Astro-nomical Screw Up: Full-Read SSRF via Host Header Injection
Vulnerability ID: CVE-2026-25545
CVSS Score: 6.9
Published: 2026-02-23
Astro, the darling framework of the static site generation world, stumbled into a classic web security pitfall: trusting the client. In versions prior to 9.5.4, Astro's Server-Side Rendering (SSR) engine blindly trusted the HTTP Host header when fetching custom error pages. By poisoning this header, an attacker can trick the server into fetching resources from an external domain. The kicker? The internal fetch mechanism follows redirects by default. This turns a simple error page rendering process into a proxy for accessing internal network resources, local services, or cloud metadata endpoints.
TL;DR
Astro < 9.5.4 allows attackers to poison the Host header. When the server renders a custom error page (like 404.astro), it fetches the page using that poisoned host. Because the fetch follows redirects, attackers can bounce the request to internal IPs (SSRF), leaking sensitive data.
⚠️ Exploit Status: POC
Technical Details
- CWE ID: CWE-918
- Attack Vector: Network
- CVSS: 6.9 (Medium)
- Impact: High Confidentiality (Internal)

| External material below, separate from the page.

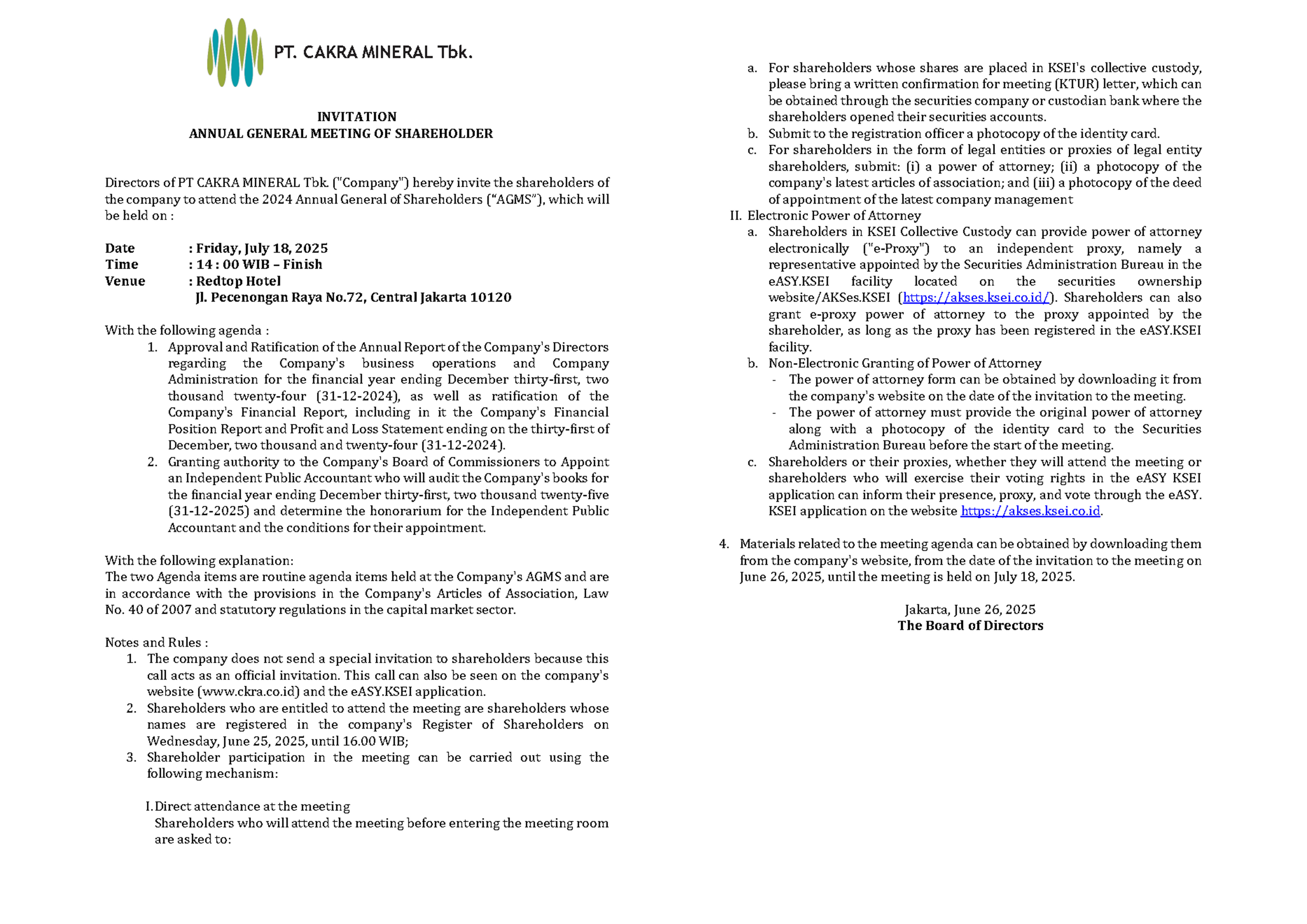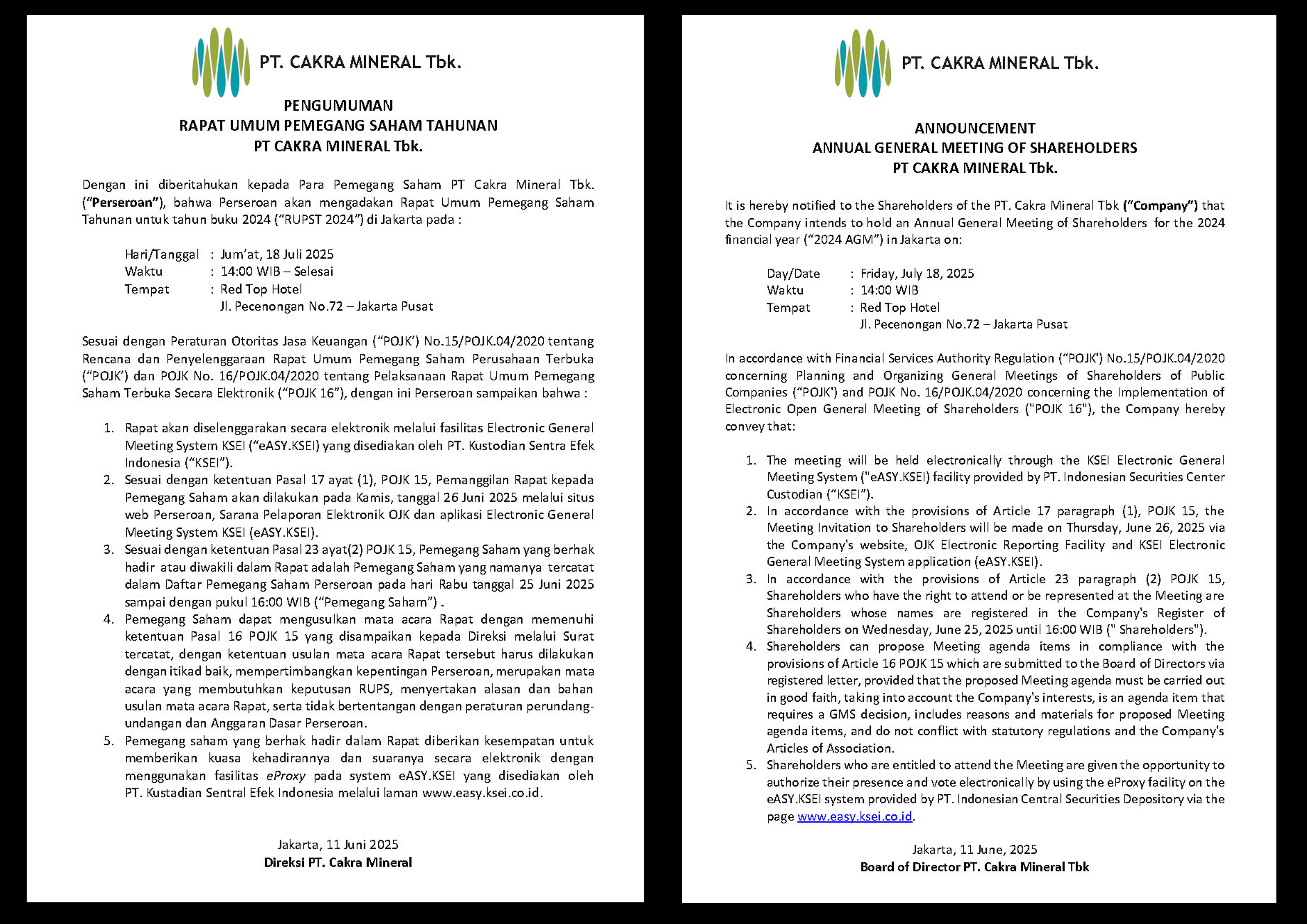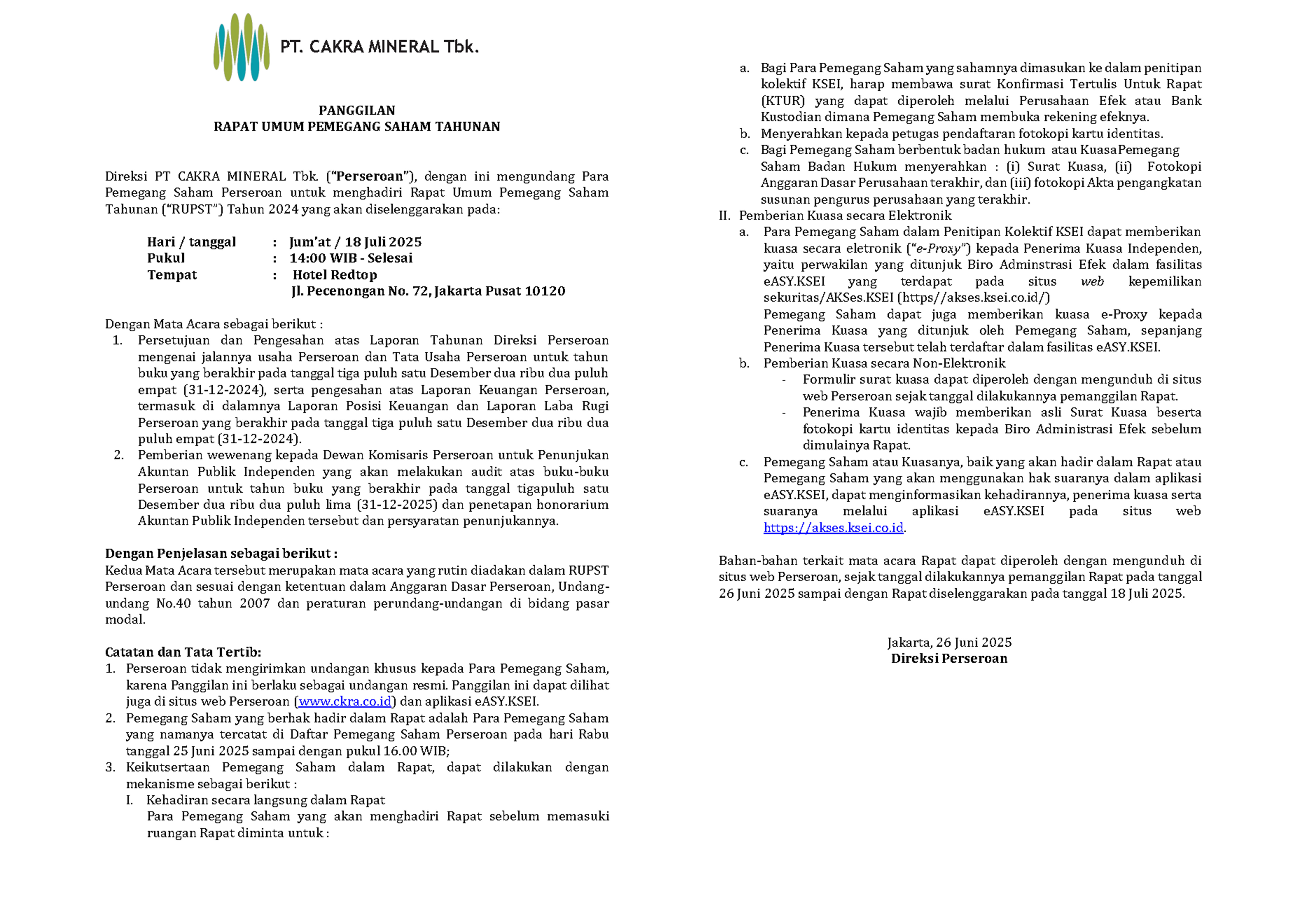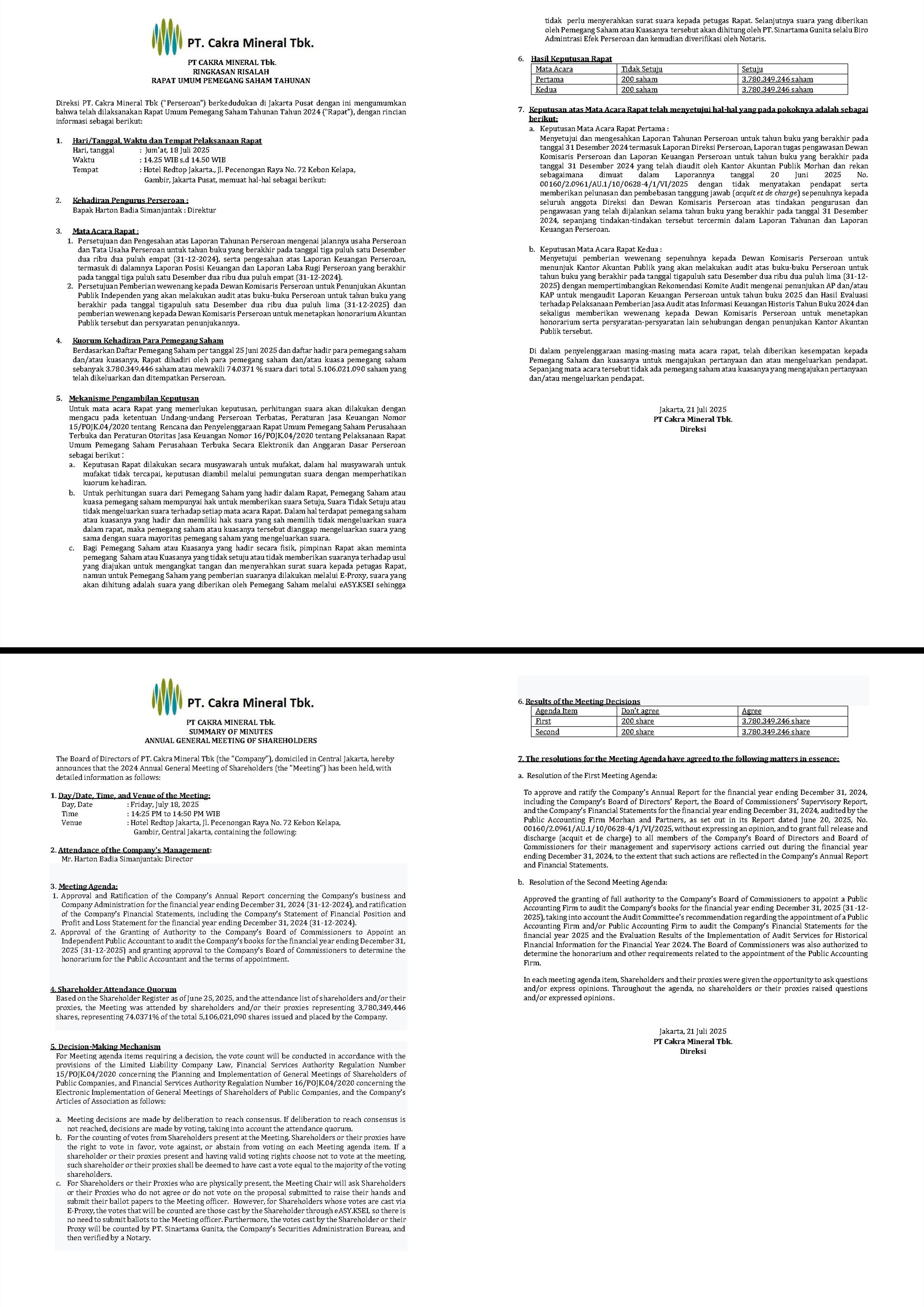 Ringkasan Risalah RUPST 2024 PT.CAKRA MINERAL Tbk.

- Exploit Status: PoC Available
- Prerequisites: SSR Enabled, Custom Error Pages
Affected Systems
- Astro Web Framework
- @astrojs/node package (npm)
- Server-Side Rendering (SSR) deployments
- Applications with custom error pages (404.astro, 500.astro)
-
@astrojs/node: < 9.5.4 (Fixed in:
9.5.4)
Code Analysis
Commit: e01e98b
Fix: prevent SSRF in error page rendering by disabling automatic redirects
- await fetch(url)
+ await fetch(url, { redirect: 'manual' })
Exploit Details
- Aikido Security: Original disclosure and PoC methodology
Mitigation Strategies
- Upgrade Astro packages immediately
- Implement strict Host header validation at the reverse proxy level
- Disable automatic redirect following in internal fetch implementations (if manually implemented)
- Block access to cloud metadata services (IMDS) via network policies
Remediation Steps:
- Run
npm outdatedto check for vulnerable Astro versions. - Update the package:
npm install @astrojs/node@latest. - Verify the installed version is >= 9.5.4.
- Configure your Nginx/Cloudflare to drop requests with unrecognized Host headers.